I just loved this one.  That's how we do it.



> "I grabbed the frying pan and hit him upside the head. I knocked his  teeth out ... and he went to the floor," Smith said. "There was a  pitchfork about six feet away. ... I stuck him."


...



> Hit in the head and stuck in the side, the intruder ran, "bleeding on the way out." He left his white baseball cap behind.

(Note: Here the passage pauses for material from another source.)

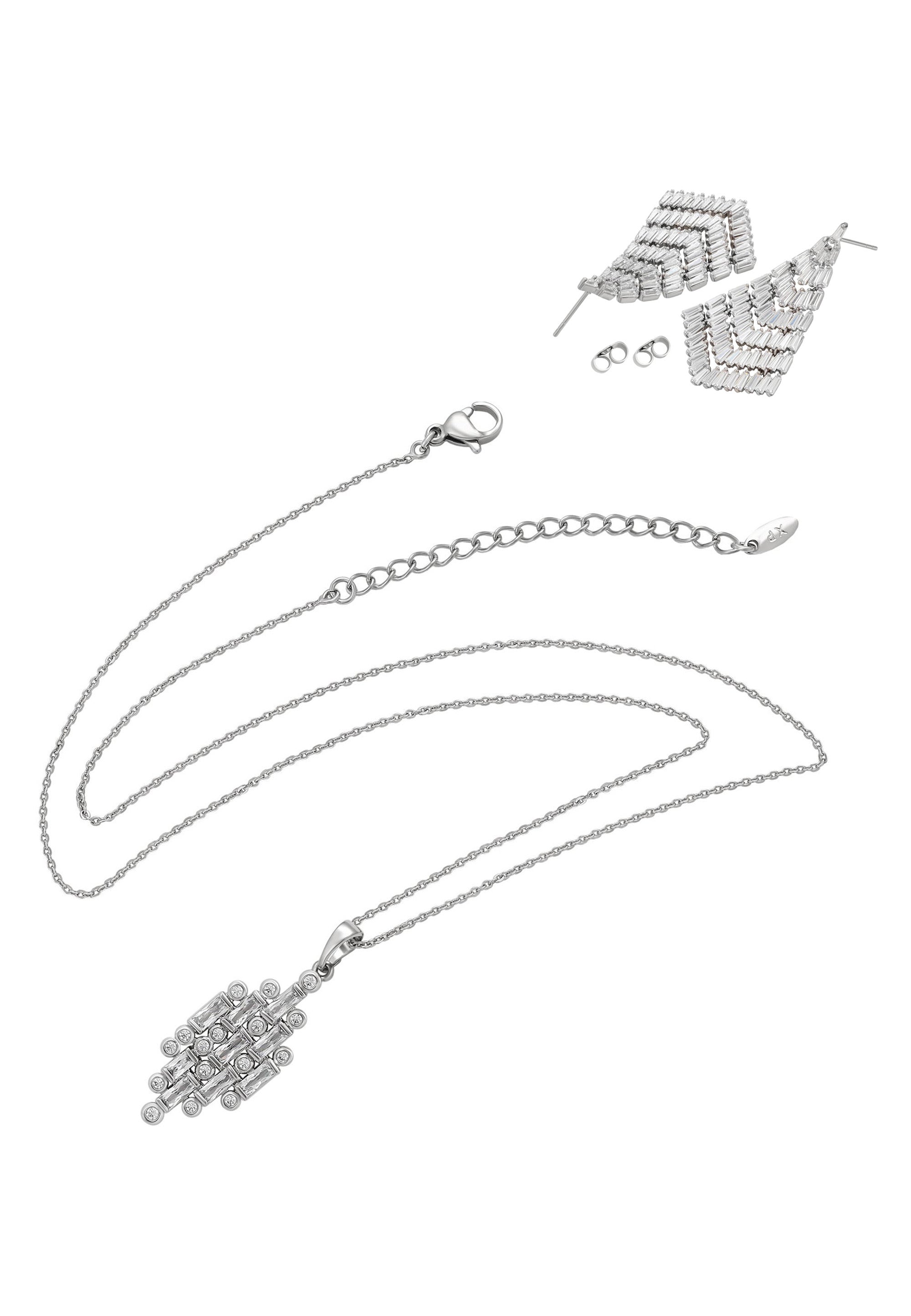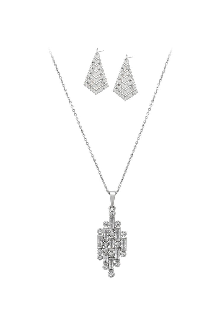Podkreśl swój wygląd tym wykwintnym zestawem biżuterii z naszej kolekcji biżuterii. Ten elegancki zestaw naszyjnik + kolczyki wykonany jest z miedzi i posiada błyszczący wzór, który pięknie odbija światło. Naszyjnik z łańcuszkiem prezentuje zawieszkę wysadzaną kryształami, natomiast pasujące kolczyki wiszące ozdobione są błyszczącymi cyrkoniami i zabezpieczone zapięciami motylkowymi. Zaprojektowany tak, aby być wszechstronny i ponadczasowy, ten zestaw dodaje odrobinę wyrafinowania zarówno codziennym stylizacjom, jak i wyjątkowym okazjom. Idealne połączenie elegancji i klasycznego uroku, ten zestaw biżuterii wnosi promienny styl i bezwysiłkowy blask do każdej kreacji.

​Read more at Jacksonville.com:  http://jacksonville.com/news/crime/2011-04-13/story/jacksonville-burglar-gets-hit-upside-head%E2%80%99-81-year-old-victim%E2%80%99s-frying#ixzz1JbJd9bXY

There's a video, too!

http://jacksonville.com/video/news/crime/2011-04-13/watch-seniors-fighting-back


----------



## Josh Oakley (Apr 15, 2011)

"I won the fight, which don't impress nobody... I'm a 3 year veteran of Korea, which don't impress nobody"

Well, I for one, am impressed.


----------



## Balrog (Apr 18, 2011)

Heh!  Don't mess with the seniors!


----------



## David43515 (Apr 18, 2011)

Bill, I don`t know how you always manage to find these stories, but I`m so glad you do. Makes my day every time I hear about one of these. Thanks again!


----------



## chinto (Apr 24, 2011)

well lets see, frying pan to get his attention, and the point of his argument to convince him to leave... sounds like a winning combo to me!!! I like it!   

besides a pitch fork .. hmm does that mean he told him to fork off??


----------